Installation

Installation of the Python package

To install QXelarator easily, you can use pip directly:

pip install qxelarator

The package is available on PyPI here . This will install the latest released version. For normal users, this is the only thing you have to do, so you can stop reading.

Installation from source

QX-simulator can be built from source, provided you have installed some dependencies:

  • Bison (for building libqasm)

  • Flex (for building libqasm)

On top of that, you will need a C++ compiler with support for C++20, make (for Linux) and cmake.

git clone https://github.com/QuTech-Delft/qx-simulator.git

cd qx-simulator

Building the Python package

To build QXelarator yourself from source and add it to your local Python packages, inside the repo:

NPROCS=16 python3 -m pip install -v -e .

You will need to have SWIG installed for the above to work.

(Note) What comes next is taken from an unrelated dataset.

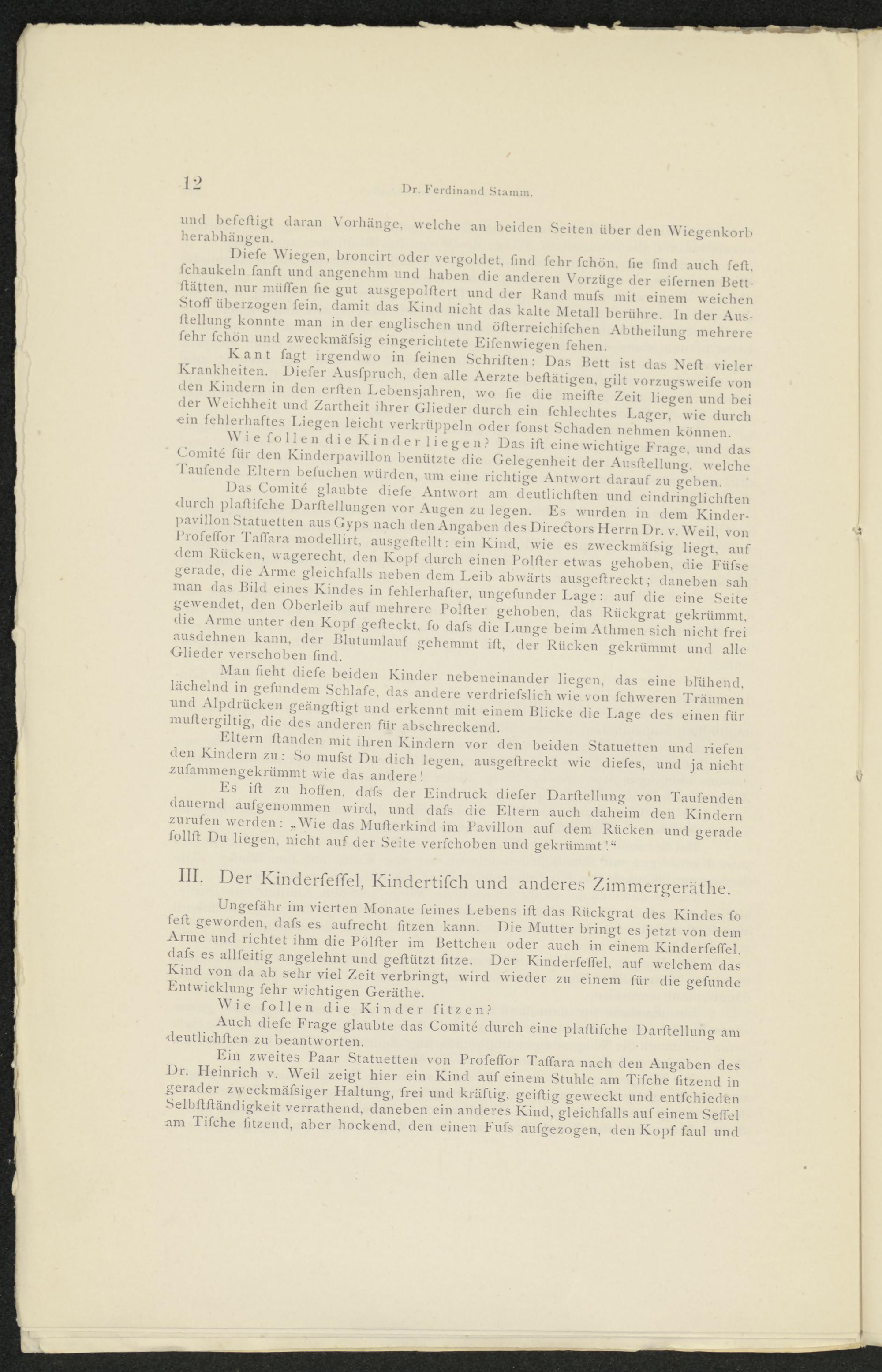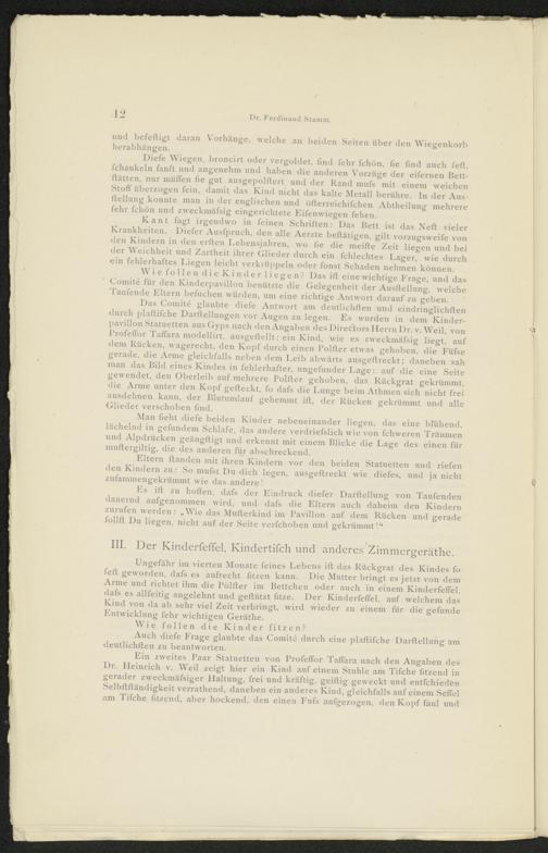 Es ih zu hoffen, dafs der Eindruck diefer Darheilung von Taufenden dauernd aufgenommen wird, und dafs die Eltern auch daheim den Kindern zurufen werden : „Wie das Muherkind im Pavillon auf dem Rücken und gerade follh Du liegen, nicht auf der Seite verfchoben und gekrümmt!“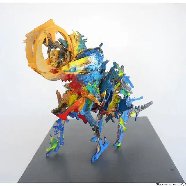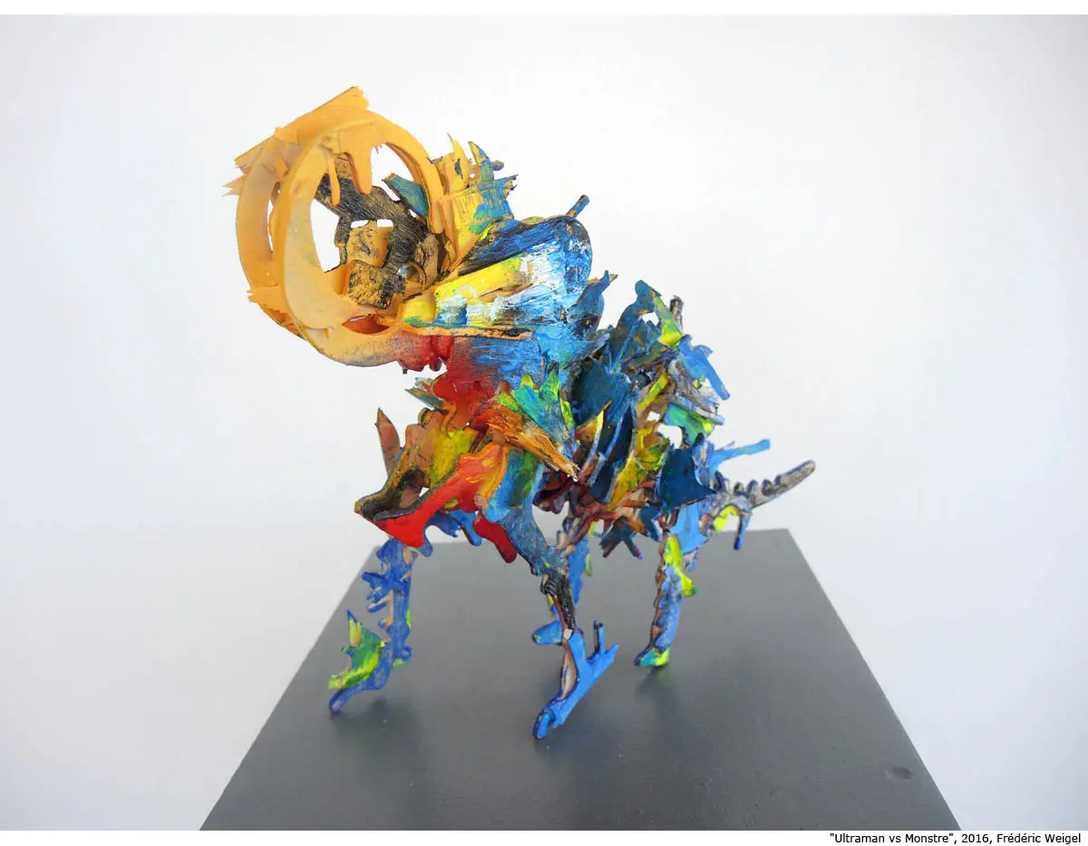 Pour ma part, le reflet que je perçois dans la série Ultraman prend la forme d’une régression enfantine. Je fus très tôt marqué par une peinture de Saint Michel terrassant le dragon dans la petite église de mon village natal. Malgré mes efforts, je ne peux m’extraire d'un transfert inconscient qui vient soutenir la fascination que j'éprouve face à ce sur-homme qu'est l'archange Ultraman. L’ambiguïté de la représentation de l'altérité repose sur le fait que cette incarnation renvoie à des mondes imaginaires brouillant inévitablement toute visée initiale. On croit atteindre l'autre et on ne fait que se perdre dans une croyance narcissique qui s'objective dans le labyrinthe des reflets et des jeux d’eau.

Building the C++ executable from source

This is particularly useful for debugging purposes, as the executable can then be run under gdb, for instance. To do so, do not forget to build it in debug mode, otherwise compiler optimizations will make debugging more difficult.

mkdir build

cd build

cmake -S .. -B . -DCMAKE_BUILD_TYPE=Release

make -j16 qx-simulator

This will produced an optimized binary qx-simulator (-DCMAKE_BUILD_TYPE=Debug to disable optimizations).

To build the C++ tests, add the following option to the cmake call: -DQX_BUILD_TESTS=ON. To run them, call ctest.